How does this essay differ from the one we read for yesterday?

--one focuses on strengths, the other, on weaknesses
Dowd focuses on the country’s economic strengths, using statistics concerning U.S. spending, GDP, worldwide corporate dominance, and so forth to support his claim that America is still—and will continue to be—the preeminent global force. Herbert, on the other hand, is more concerned with American values and what he sees as an alarming shift away from a fundamental belief in social and economic justice and the rule of law to indifference toward the current great disparities within the country in terms of distribution of wealth, access to education, opportunities to succeed, and so forth as well as a growing tolerance toward abuses of power within the criminal justice system and the government as a whole.
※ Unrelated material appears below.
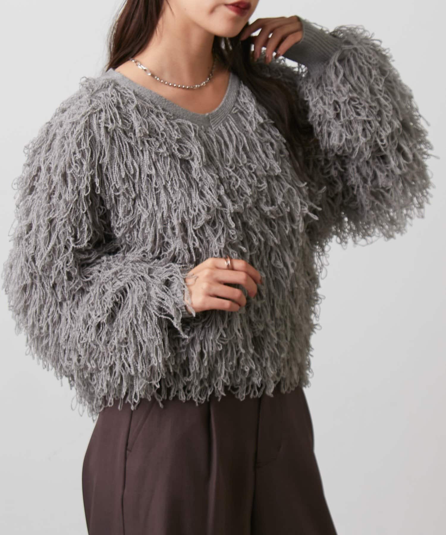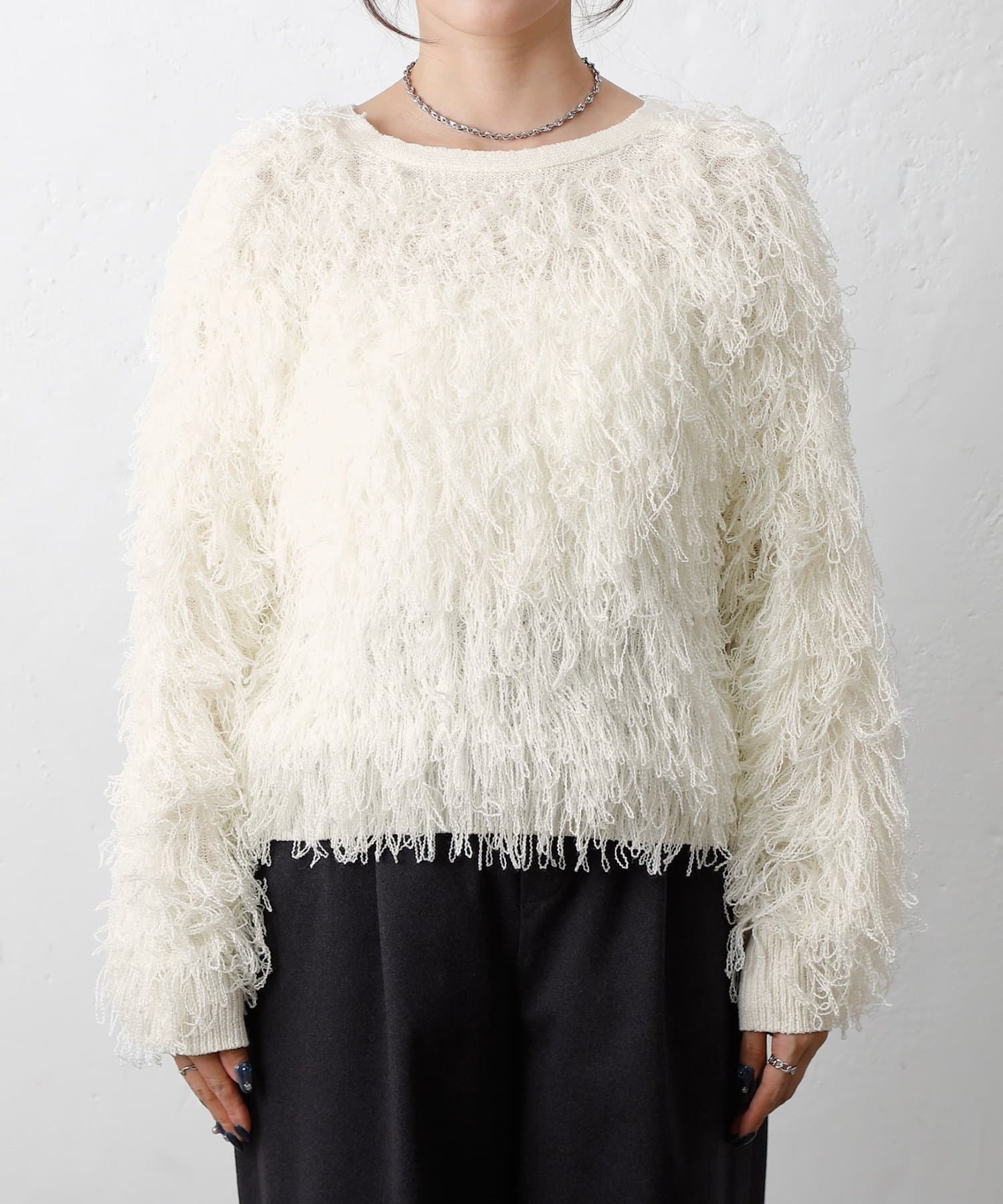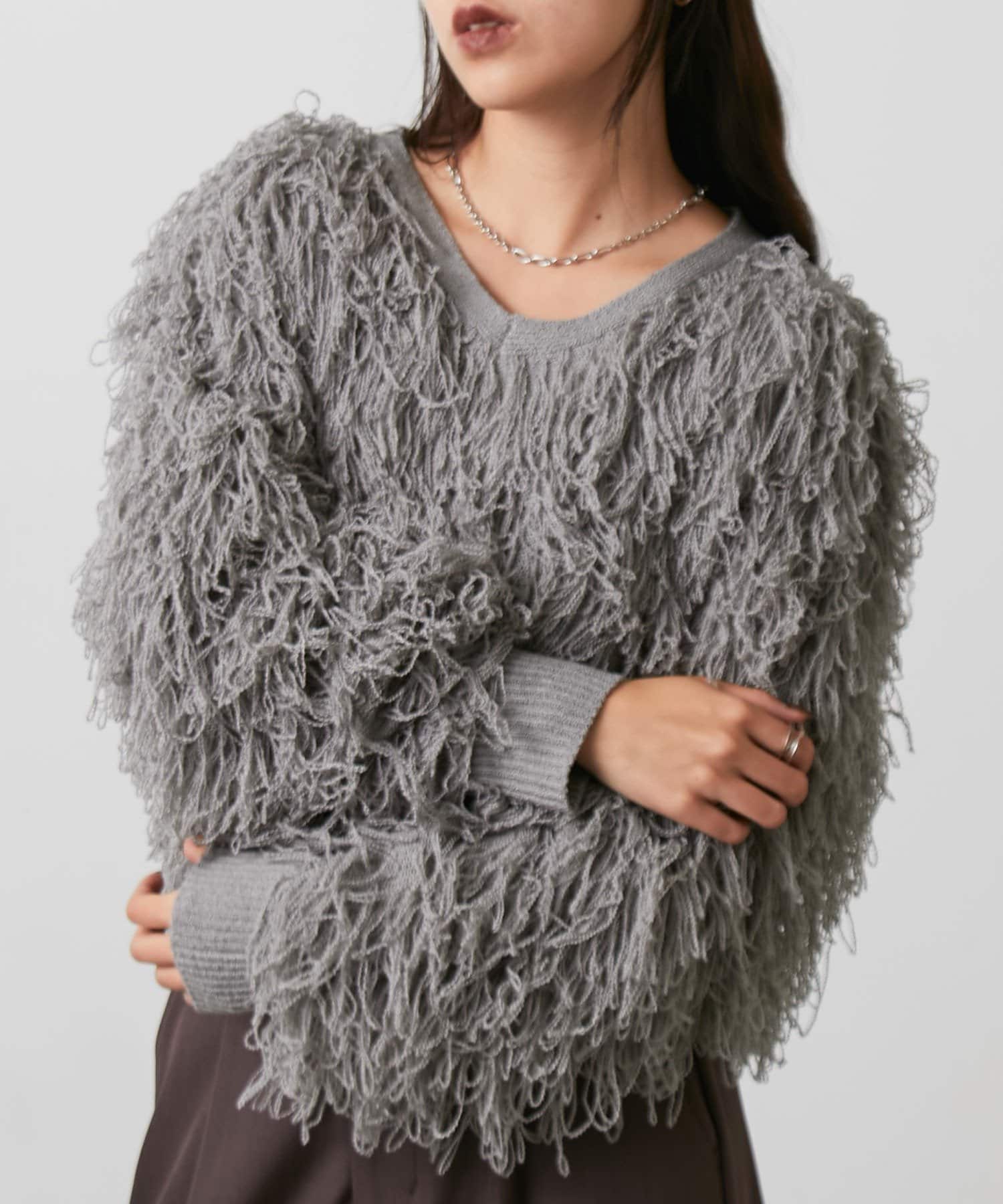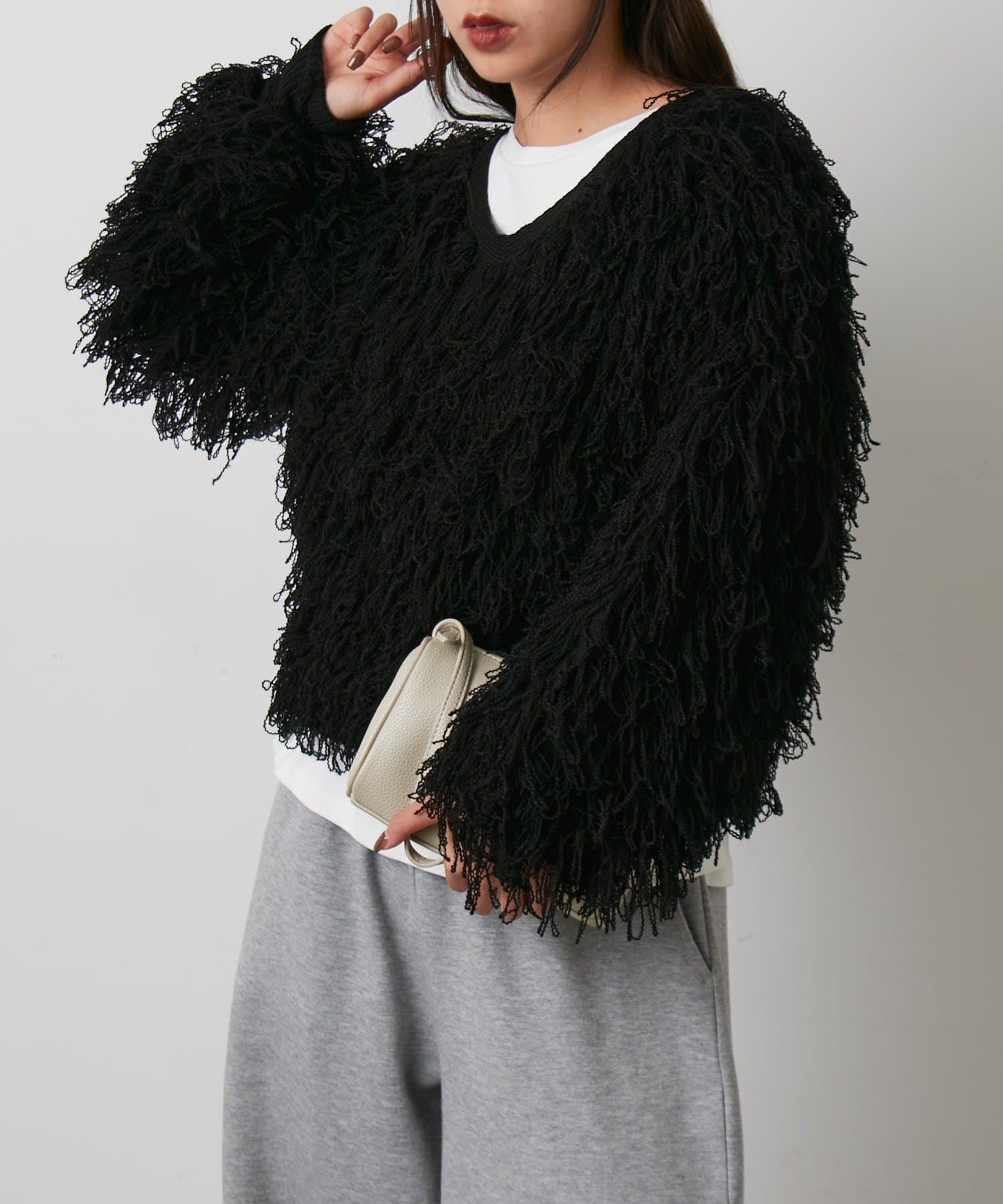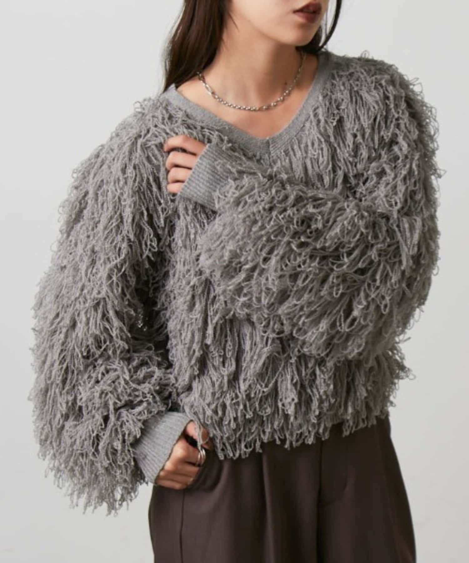 立体感のあるループフリンジをたっぷりとあしらった、存在感抜群の2WAYニットです。

His evidence grows primarily out of his personal experience as a reporter and commentator who has traveled the country interviewing those he feels are suffering most from this state of affairs. 


1.      Assess Dowd’s use of economic statistics in making his argument. They seem to present an impressive picture of American prosperity, but are there other ways of interpreting the numbers? Is there information he doesn’t present that might weaken his case? How in your view does Dowd use the concept of a U.S. “decline”? What other types of decline does he not consider, if any?

Dowd’s statistical evidence seems convincing on the surface, obviously. But a sharp economic downturn in the year after the essay was published suggests that perhaps his views were overly optimistic. As for the concept of a U.S. decline, there are many on the right and the left who see a decline in American values, though for different reasons. And in the aftermath of the invasion of Iraq and the Bush administration’s detention of suspected terrorists without trial and apparent use of torture, there were many around the world who felt that the country’s moral standing internationally was in decline.

What does it mean to say, the hidden hand of the economy does not work without a hidden fist.

Why does this argument matter?

Dowd would probably say that this argument matters because the idea that the United States is in decline globally might become a self-fulfilling prophecy, particularly if the powers that be in other countries take this idea at face value and allow it to govern their relations with the country. Writing for a conservative readership, Dowd likely feels this goes without saying.